Obgleich Punk-Gruppen der ersten Stunde nur noch sporadisch im Mainstream verhandelt und durch die wesentlich intellektuelleren Post-Punker und ästhetisch ansprechenderen New Romantics abgelöst worden sind, war der rabiate Drei-Akkord-Wahnsinn noch lange nicht vom bierbesudelten Tisch. Im Gegenteil: Die mediale Ausschlachtung um die Genre-Anführer wie den Sex Pistols, The Clash oder The Damned hat zum interessanten Effekt geführt, dass Punk wieder in den Untergrund verschwunden ist, um dort mit unverminderter Härte weiter zu machen und sich auf diese Weise neu zu beleben.

Doch hat sich einiges geändert bei der zweiten Generation von UK-Punkern. Es liegt in der Natur der Sache, dass Musiker, sobald sie das Rüstzeug einigermaßen erlernt haben, sich von ihren Vorbildern entfernen möchten, um einen eigenen Fußabdruck zu hinterlassen. Punk franst sich zu Beginn der 80er an den Enden aus, zersplittert in verschiedene musikalische Überzeugungen, was zwar auf Kosten der Homogenität geht, aber notwendig ist, um nicht in eine stilistische Sackgasse zu geraten. Vom dogmatischen Abarbeiten diverser Anarcho-Parameter ist auf "Burning Britain" nicht mehr viel geblieben, außer dem Ansatz, alles in kurz-knackig gehaltenen Songs, die selten über drei Minuten hinausgehen, zu packen.

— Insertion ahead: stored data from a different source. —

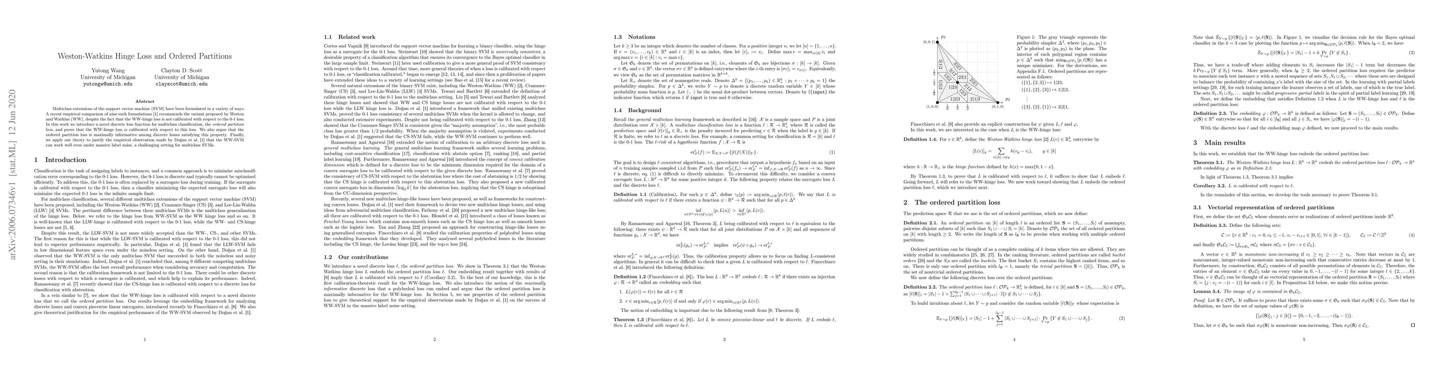 This paper introduces a new discrete loss function, the ordered partition loss, and demonstrates that the Weston-Watkins hinge loss is calibrated with respect to it. It argues that this new loss is maximally informative among discrete losses with this property and uses the theory to explain the effectiveness of WW-SVM under label noise.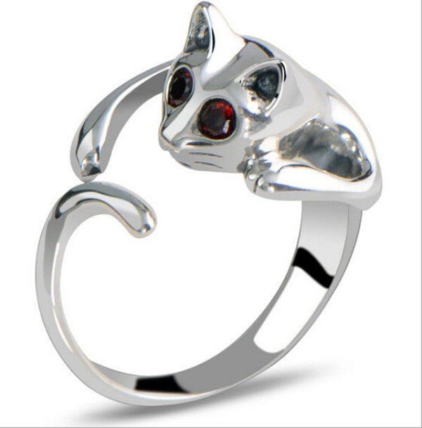 Hot sale !! fashion high quality shinny polished rhinestone eyes adorable opening cat ring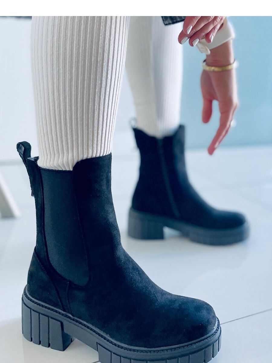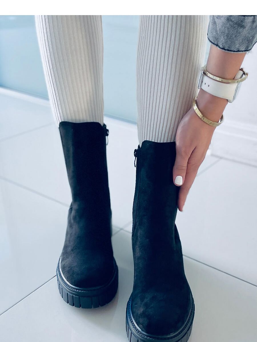 Women's booties - slippers on a thick sole. The model is distinguished by a minimalist cut with a fashionable high upper. A practical zipper closure ensures quick and effortless putting on, and an elastic insert on the side refers to the sable. They are made of eco-suede, on a foam lining.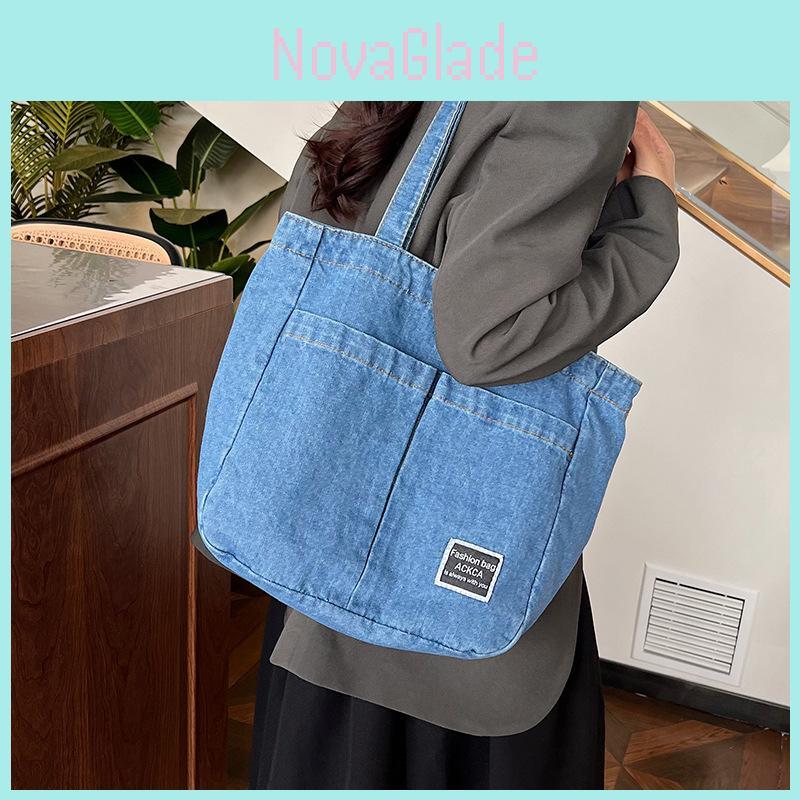 Chic Retro Denim Tote Bag For Women Large Capacity Street Style Shoulder Bag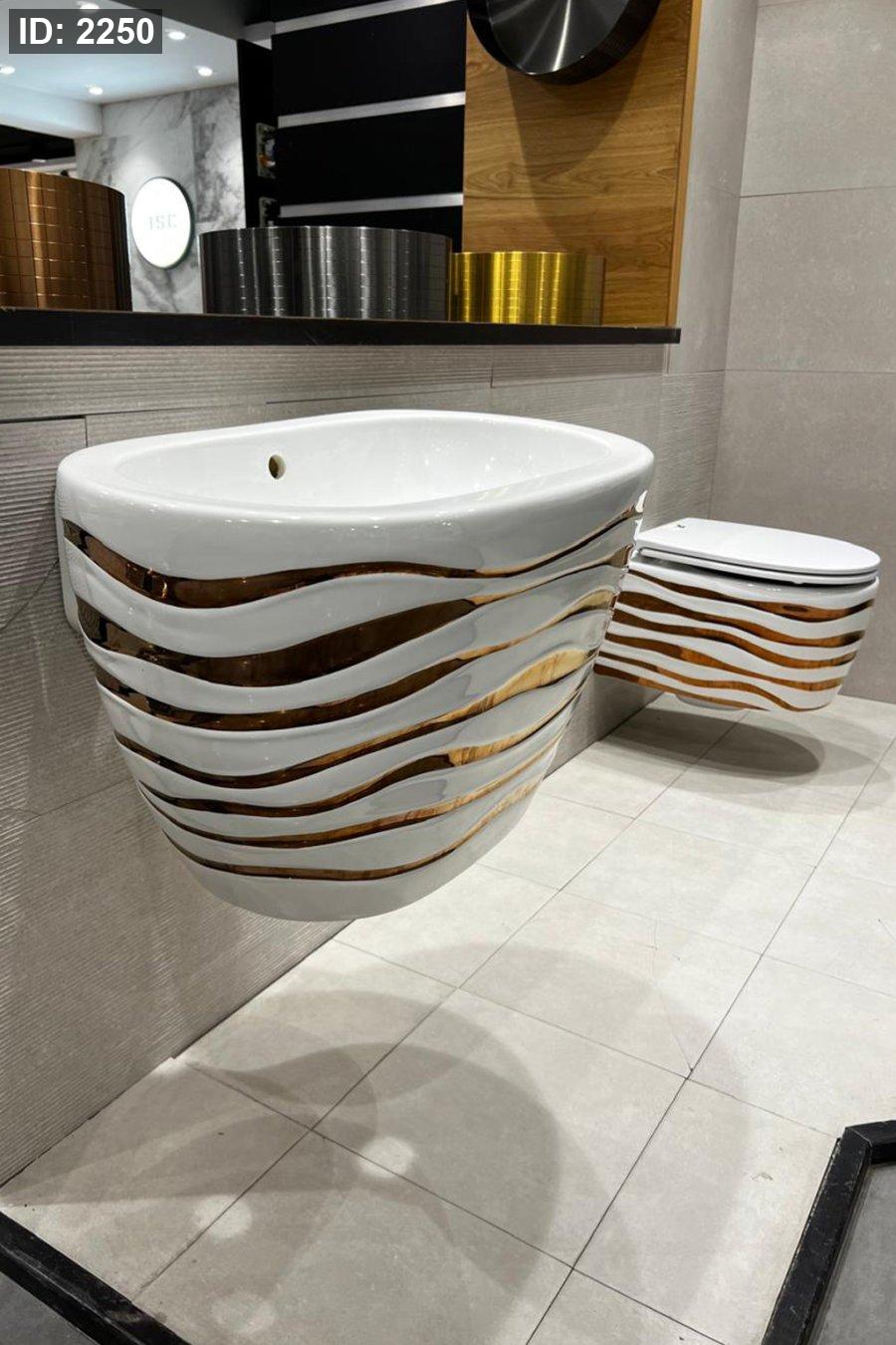 مرحاض ميني بلوك معلق بجدار، نفس النقشة الذهبية المتناسقة مع المغسلة.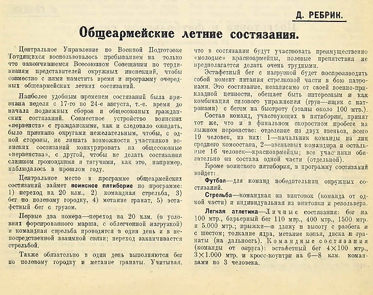 Фрагмент статьи Д.М. Ребрика опубликованной в журнале «Красный спорт» № 7 за апрель 1924 года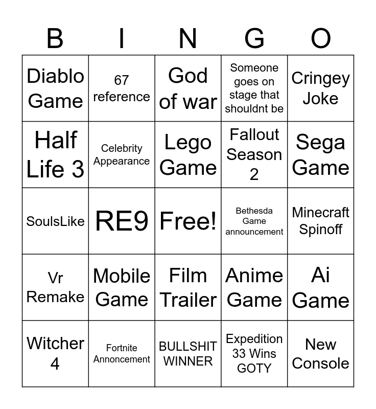 This bingo card has a free space and 24 words: Mobile Game, Fortnite Annoncement, Lego Game, Witcher 4, Cringey Joke, Diablo Game, Half Life 3, 67 reference, Bethesda Game announcement, Film Trailer, Fallout Season 2, SoulsLike, Anime Game, Ai Game, Celebrity Appearance, Expedition 33 Wins GOTY, Minecraft Spinoff, God of war, Sega Game, RE9, New Console, Vr Remake, Someone goes on stage that shouldnt be and BULLSHIT WINNER.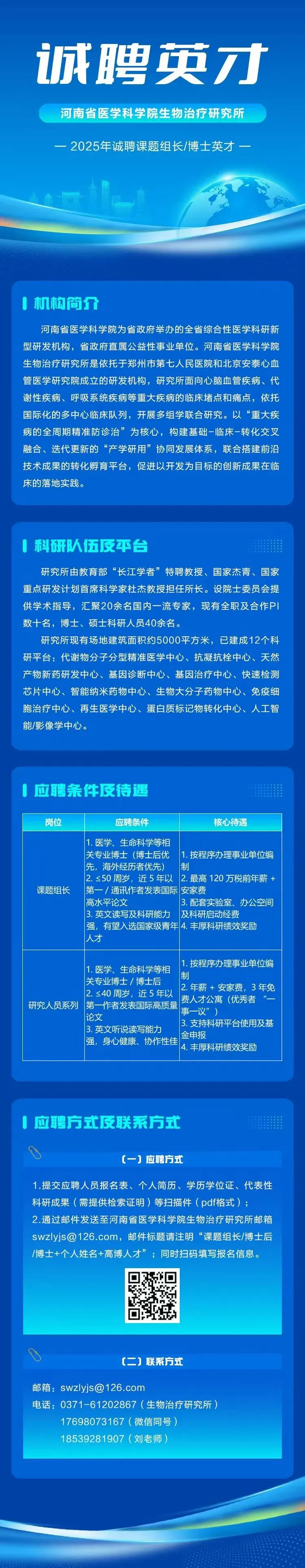 >招聘 | 河南省医学科学院生物治疗研究所2025年诚聘课题组长/博士英才

Cherry Red Records, das selbst in der heißen Punk-Phase gegrüdet worden ist, schöpft bei dieser Zusammenstellung erneut aus ihrem eigenen, immensen Wissen, das sie bereits mit diversen anderen aufwendig gestalteten Kompendien zu verschiedenen britischen subkulturellen Bewegungen unter Beweis stellen konnte. Auf vier CDs, chronologisch aufgedröselt (jede Scheibe deckt ein Jahr ab) und in ein liebevoll gestaltetes Buchformat mit jeder Menge Lektüre zu den Songs gelegt, haben die Macher ein Zeitdokument geschaffen, das dem Hörer gut begreiflich macht, wie stark dieses Genre unter der Oberfläche noch wütend gezuckt hat.

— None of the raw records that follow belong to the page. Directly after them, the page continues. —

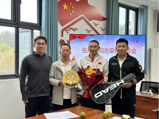 最后,体育部主任彭昆为张东喜同志送上鲜花和纪念品,并合影留念。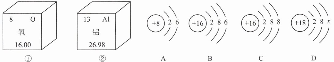 10.(4分)元素周期表是学习和研究化学的重要工具。下图中①②分别为氧元素、铝元素在元素周期表中的信息示意图,A、B、C、D是四种粒子的结构示意图。试分析下图并回答问题: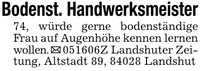 Bodenst. Handwerksmeister74, würde gerne bodenständige Frau auf Augenhöhe kennen lernen wollen. _ ***Z Landshuter Zeitung, Altstadt 89, 84028 Landshut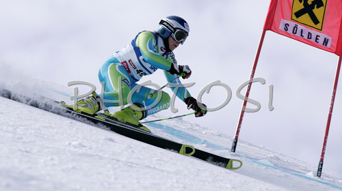 : Marusa Ferk of Slovenia skiing during first run of Women giant slalom Audi FIS Ski World Cup 2008-09 opening race. First race of Women Audi FIS Ski World Cup season 2008-09 was held on Saturday, 25th of October 2008 in Soelden, Austria.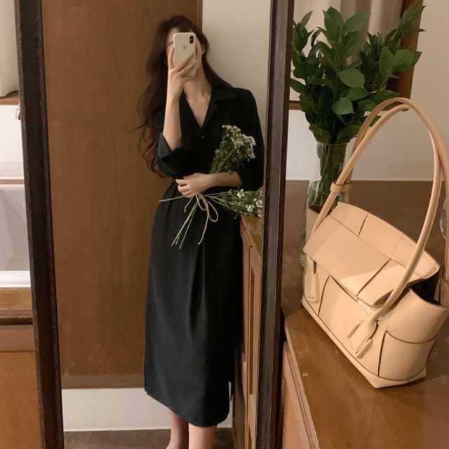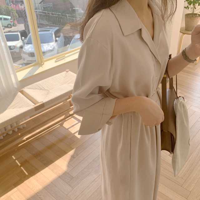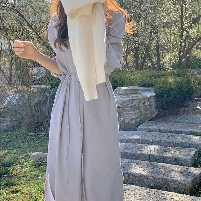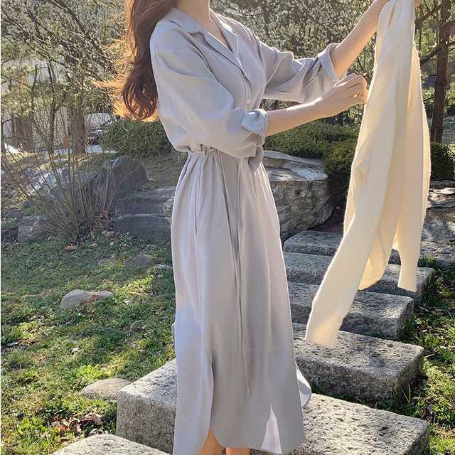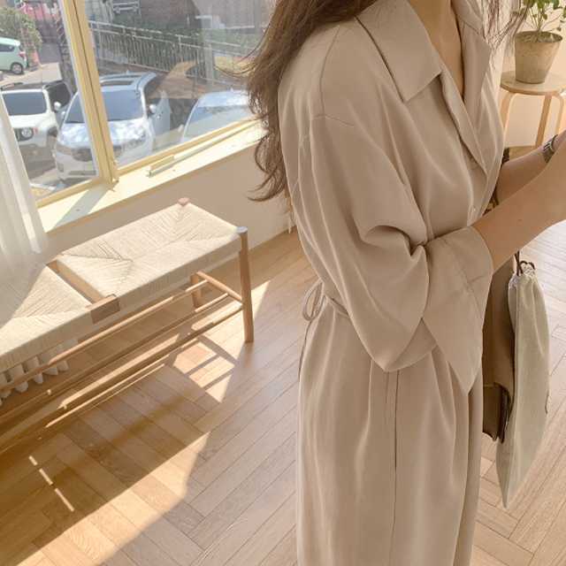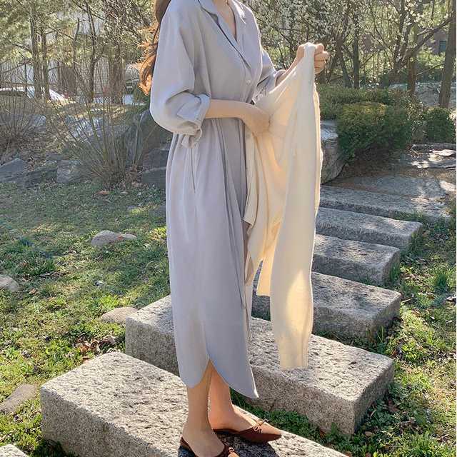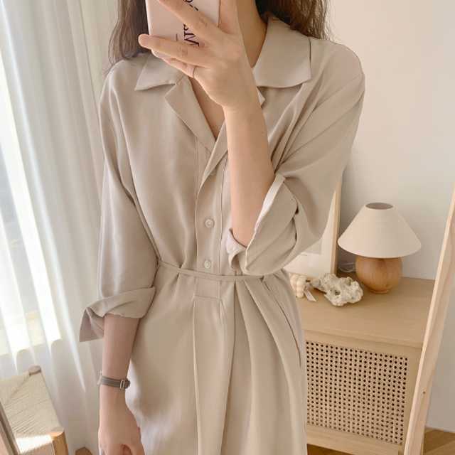 ワンピース シャツワンピース レディース マキシ丈 ロング丈 七分袖 スタンドカラー Vネック シャツワンピ ウエストマーク 無地 ストライプ きれいめ 大人ワンピ 春 夏 キレセク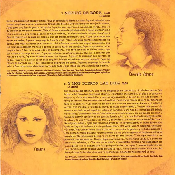 | Accordion Jose Antonio Romero | Arranged By, Directed By [Arreglos Y Dirección] David San José | Drums Pedro Barceló | Guitarrón Paco Bastante | Piano, Keyboards David San José | Vocals Tamara (7) | Written-By Joaquín Sabina | |||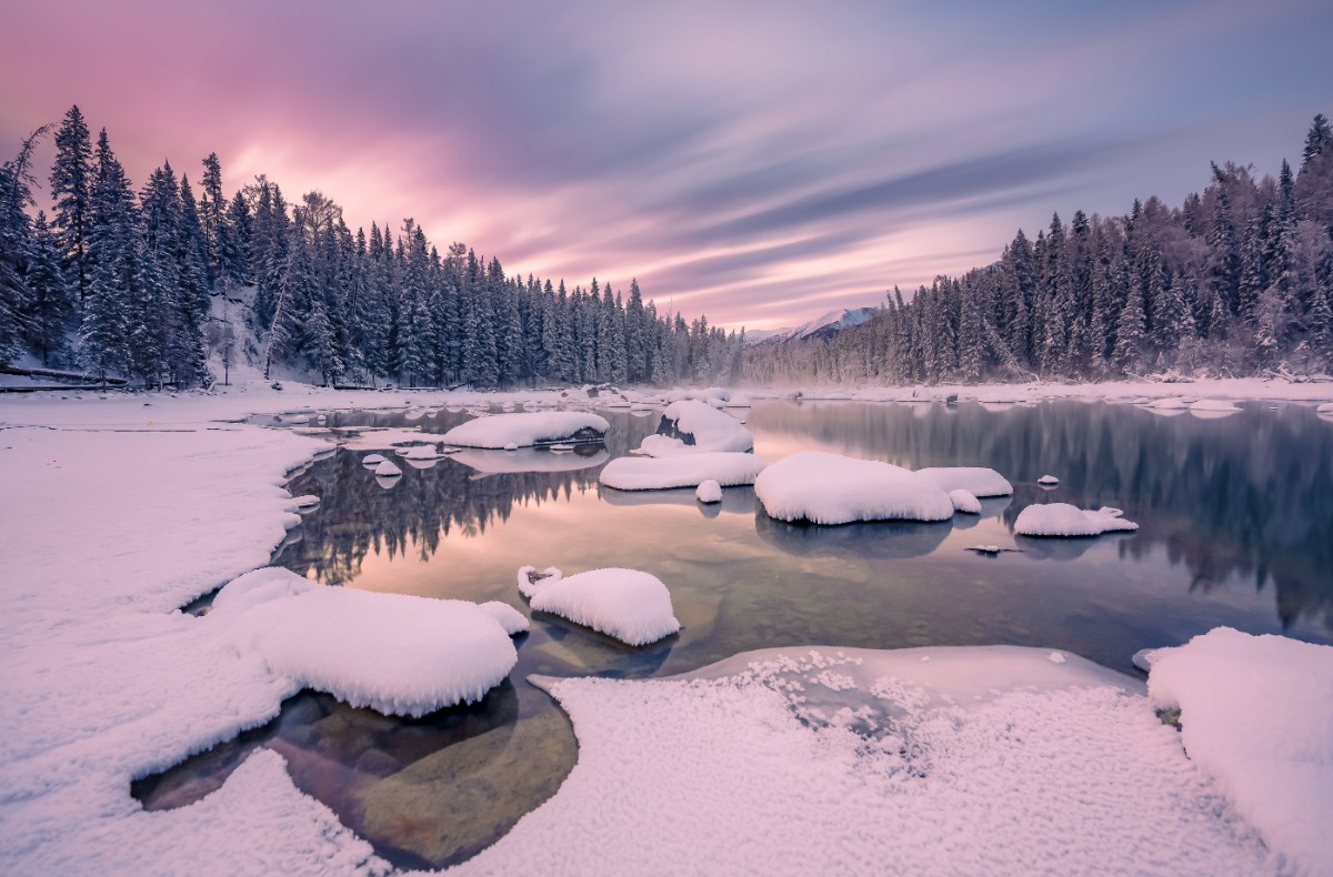 喀纳斯:静谧的蓝冰秘境 冬季的喀纳斯褪去人潮,化作与世隔绝的雪域童话。月亮湾冻结成蜿蜒的蓝丝带,禾木村的木屋炊烟袅袅,晨雾中骑马踏雪的牧民,构成一幅流动的雪乡画卷。乘马拉爬犁穿越白桦林,雪深没膝如行走在棉花海,夜晚住进图瓦人木屋,枕着星空与风雪入眠,极致治愈。

Neben einigen bekannten Parolen der Sicherheitsnadelträger ("Let There Be Anarchy" von Shrapnel ist in allen Belangen Punk der alten Schule), belegen viele Stücke den sanften, aber doch beständigen Wandel der Punk-Szene. Das melodiös-humorige Moment bei "Tommy Kowey's Car", der ersten Single der Toy Dolls (die es  kurze Zeit später mit "Nellie The Elephant" sogar bis ins britische Kinderfernsehen schafften), steht dabei beispielhaft für den freieren Umgang mit dem Erbe, der in diesem Fall in einen spaßigen Proto-Punk-Pop mündet - und bis in die Gegenwart Bestand hat.

Dazwischen überraschen einige Bands mit atypischen Stilmitteln: Megalomanias "The Blood" irritiert beispielsweise mit einem fast klassisch anmutenden Klavierintro und Destructor bauen in "Northern Ripper" Sprachsamples ein, was für die Szene nicht minder ungewöhnlich ist. Selbst eine Hinwendung zum Glam-Rock lässt sich bei "For You" der Anti Nowhere League ausmachen, steigert sich sogar zu einem ganz und gar nicht dilettantischen Gitarren-Solo bei "Born To Lose" von The Skeptix. Selbst The Lurkers, hier mit dem schmissigen "Drag You Out" vertreten, haben das Interesse von Radio-DJ und Subkulturkoryphäe John Peel geweckt.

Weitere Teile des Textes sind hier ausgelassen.